This implementation of idèles is based on [Her2021]. An extensive exposition of properties, design choices and two applications can be found there.

AUTHORS:

  • Mathé Hertogh (2021-07): initial version based on [Her2021]

class adeles.idele.Idele(parent, infinite, finite)
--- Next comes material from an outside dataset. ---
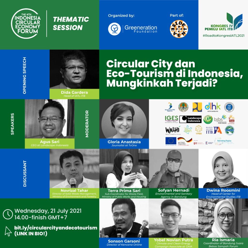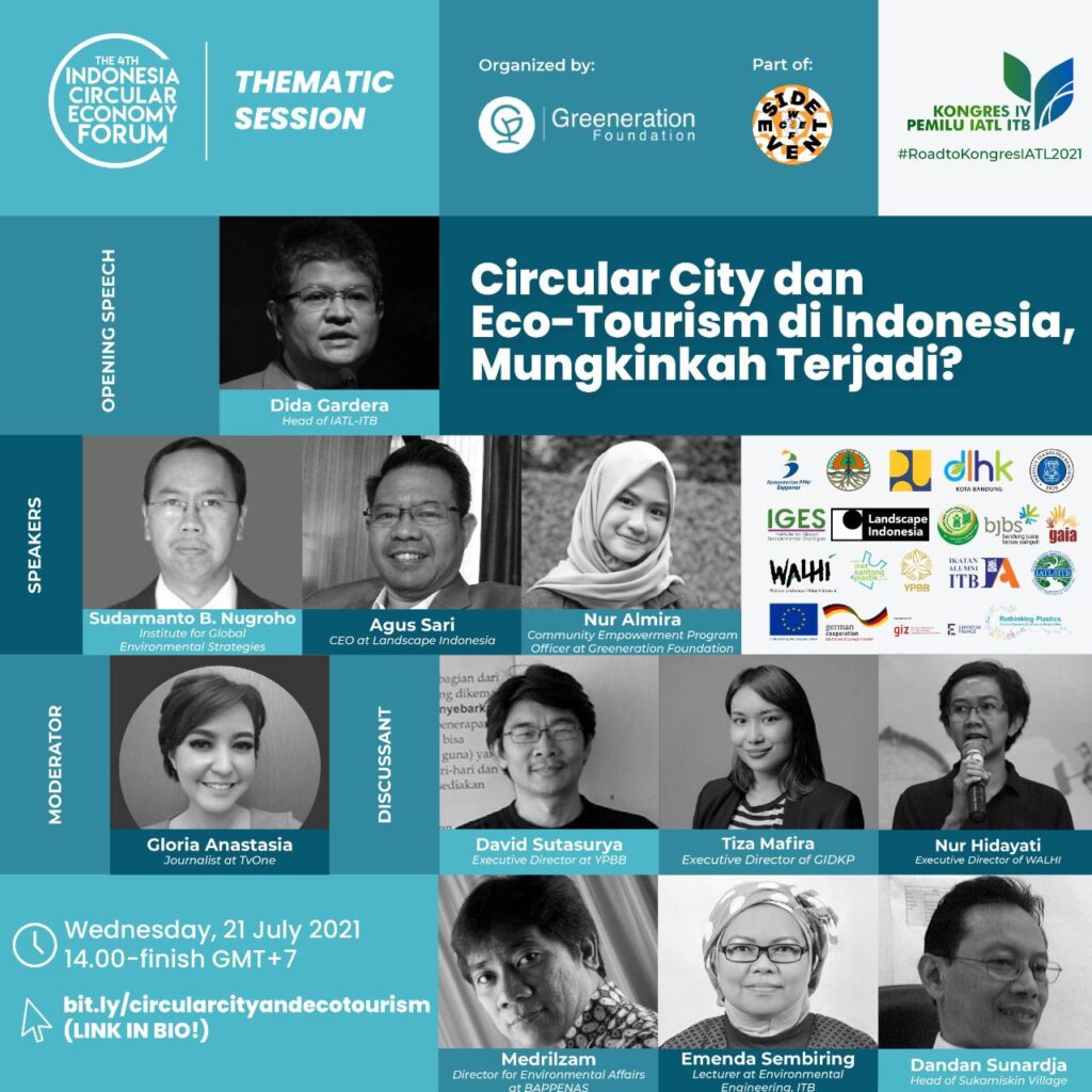 IATL ITB bersama dengan Rethinking Plastics telah mempersiapkan “Circular City dan Eco-tourism di Indonesia, Mungkinkah Terjadi?” untuk menjawab pertanyaan-pertanyaan tersebut. Jangan sampai ketinggalan karena akan ada diskusi langsung antara para pakar dan alumni TL ITB yang aktif di pemerintah pusat, pemerintah daerah, praktisi, akademisi, dan NGO.

Bases: sage.structure.element.MultiplicativeGroupElement

Idèle over a Number Field

REFERENCES:

Section 3.6 of [Her2021].

__init__(parent, infinite, finite)

Construct an idèle

INPUT:

  • parent – an idèle group of some number field \(K\); the parent

  • infinite – a list of length \(r+s\) (for \((r,s)\) the signature of \(K\)) whose first \(r\) entries lie in RIF and whose last \(s\) entries lie in CIF and none of whose entries equals zero. If \(r+s=1\), then we also accept a single non-zero element in RIF/CIF.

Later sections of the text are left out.